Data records
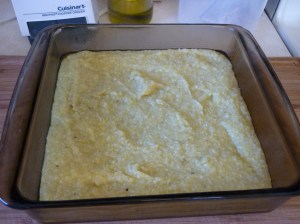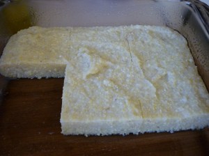 Bring water to a rolling boil and very slowly sprinkle polenta into the water while stirring all the while. Reduce the heat once it comes back to a boil. Continue stirring while the polenta simmers. As it thickens it begins to splatter. Once it’s fairly thick, it’s okay to leave it for a couple minutes at a time, so stir frequently instead of constantly. A spatter guard is a huge help. The process of simmering and stirring takes about 25 minutes. The polenta should be quite thick. Coat a 8×8″ square pan with olive oil and pour the polenta into it. Smooth out the top with a spatula as best you can. Once it’s cooled a little, place it into the refrigerator for an hour or longer.
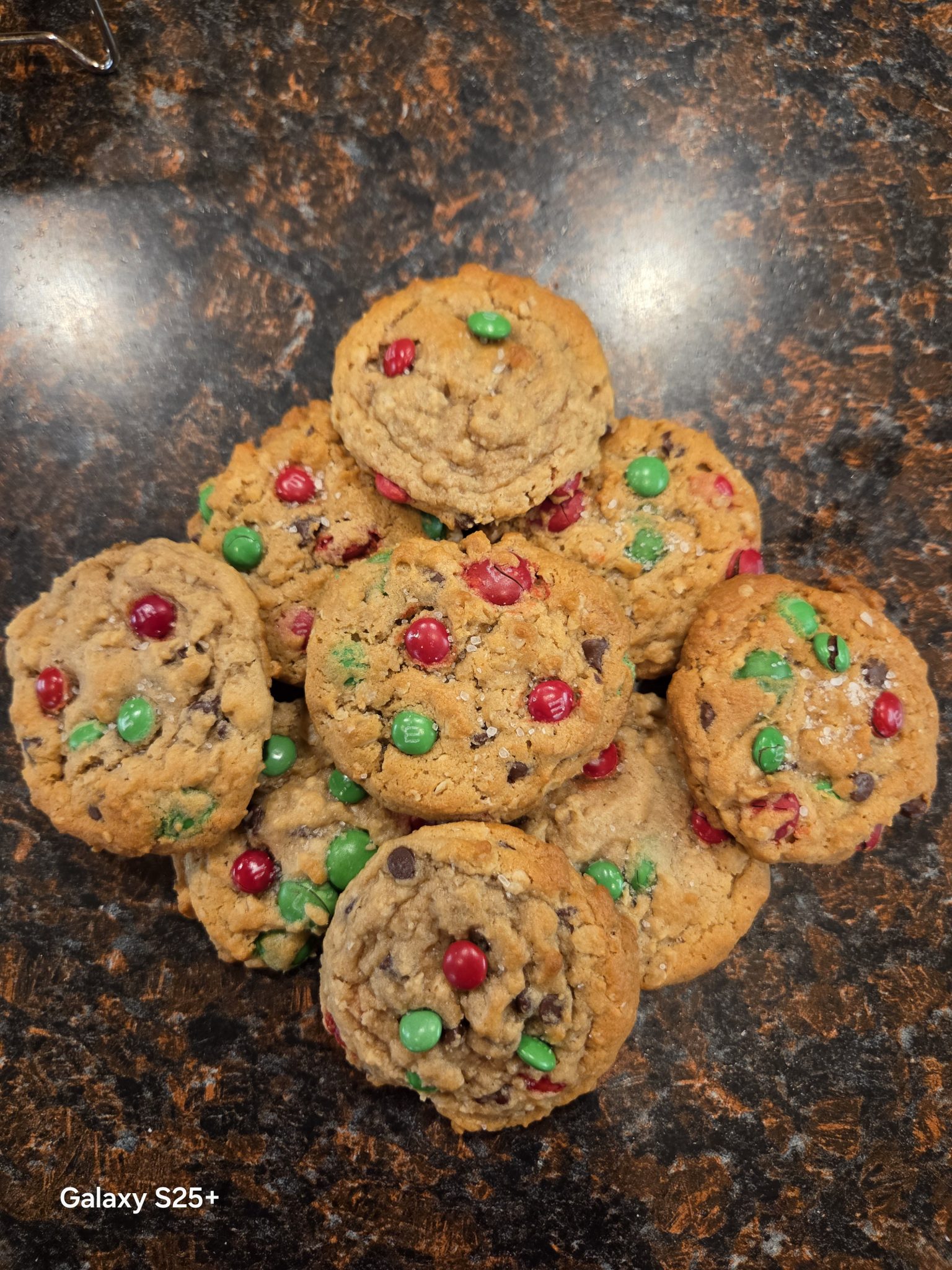 Whether enjoyed at a holiday party or in a cookie box, left out for Santa, or shared with loved ones over a cup of cocoa, my Christmas Monster Cookies are a delightful treat that adds a touch of whimsy and warmth to the festive season.
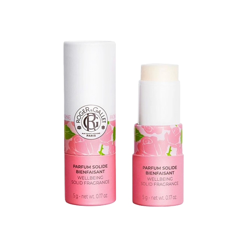 Descubra su Eau Parfumée Bienfaisante Rose en un nuevo formato sólido para aplicar en el hueco del cuello, el escote y las muñecas.
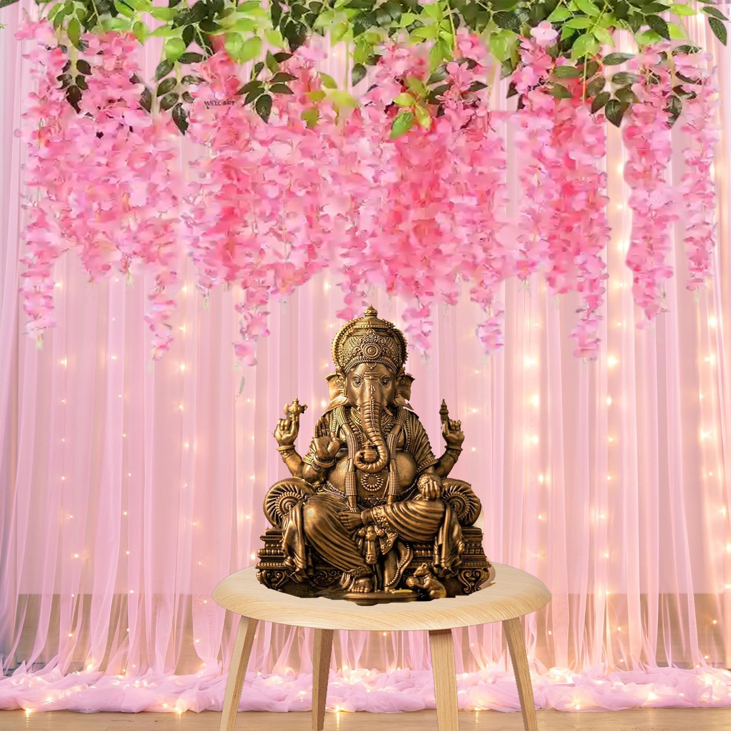 Midlinkerz Ganpati Decoration Setup for Home Decor for Living Room, Ganesh Chaturthi Decoration Setup, Ganpati Decorations Backdrop Cloth for Decorations Pooja Room- 12 Pcs
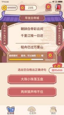 要更加认真的去对待这个游戏,因为他考验你的诗词掌握水平,无论是小学的,初中的,高中的,甚至于大学里学到的各种诗词都能够从这里被考验,让你能够知道唐诗宋词元没有你想的那么简单,你还能从这款游戏当中获取大量的金币,当金币积攒到一定数量时,可以兑换一个意外的惊喜。

DIRECTIONS FOR THIS TASK. Write out the records word for word. Pictures stay out.

ANSWER BOX.
 Bring water to a rolling boil and very slowly sprinkle polenta into the water while stirring all the while. Reduce the heat once it comes back to a boil. Continue stirring while the polenta simmers. As it thickens it begins to splatter. Once it’s fairly thick, it’s okay to leave it for a couple minutes at a time, so stir frequently instead of constantly. A spatter guard is a huge help. The process of simmering and stirring takes about 25 minutes. The polenta should be quite thick. Coat a 8×8″ square pan with olive oil and pour the polenta into it. Smooth out the top with a spatula as best you can. Once it’s cooled a little, place it into the refrigerator for an hour or longer.
 Whether enjoyed at a holiday party or in a cookie box, left out for Santa, or shared with loved ones over a cup of cocoa, my Christmas Monster Cookies are a delightful treat that adds a touch of whimsy and warmth to the festive season.
 Descubra su Eau Parfumée Bienfaisante Rose en un nuevo formato sólido para aplicar en el hueco del cuello, el escote y las muñecas.
 Midlinkerz Ganpati Decoration Setup for Home Decor for Living Room, Ganesh Chaturthi Decoration Setup, Ganpati Decorations Backdrop Cloth for Decorations Pooja Room- 12 Pcs
 要更加认真的去对待这个游戏,因为他考验你的诗词掌握水平,无论是小学的,初中的,高中的,甚至于大学里学到的各种诗词都能够从这里被考验,让你能够知道唐诗宋词元没有你想的那么简单,你还能从这款游戏当中获取大量的金币,当金币积攒到一定数量时,可以兑换一个意外的惊喜。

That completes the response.